> _WHAT TO DO_
Which of the lines below hold the word "from"? Pull each of them out.

> _DATA FOR THE TASK_
● ● ● ●

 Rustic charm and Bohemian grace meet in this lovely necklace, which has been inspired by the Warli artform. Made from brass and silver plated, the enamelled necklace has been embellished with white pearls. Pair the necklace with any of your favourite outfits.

● ● ● ●

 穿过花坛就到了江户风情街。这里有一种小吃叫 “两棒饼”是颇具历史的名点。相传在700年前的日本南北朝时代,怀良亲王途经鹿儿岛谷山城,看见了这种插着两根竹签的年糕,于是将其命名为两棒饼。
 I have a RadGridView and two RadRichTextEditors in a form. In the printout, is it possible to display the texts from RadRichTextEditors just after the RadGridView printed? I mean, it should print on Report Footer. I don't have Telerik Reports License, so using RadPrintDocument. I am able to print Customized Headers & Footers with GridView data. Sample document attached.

● ● ● ●

> _YOUR RESPONSE_
 Rustic charm and Bohemian grace meet in this lovely necklace, which has been inspired by the Warli artform. Made from brass and silver plated, the enamelled necklace has been embellished with white pearls. Pair the necklace with any of your favourite outfits.
 I have a RadGridView and two RadRichTextEditors in a form. In the printout, is it possible to display the texts from RadRichTextEditors just after the RadGridView printed? I mean, it should print on Report Footer. I don't have Telerik Reports License, so using RadPrintDocument. I am able to print Customized Headers & Footers with GridView data. Sample document attached.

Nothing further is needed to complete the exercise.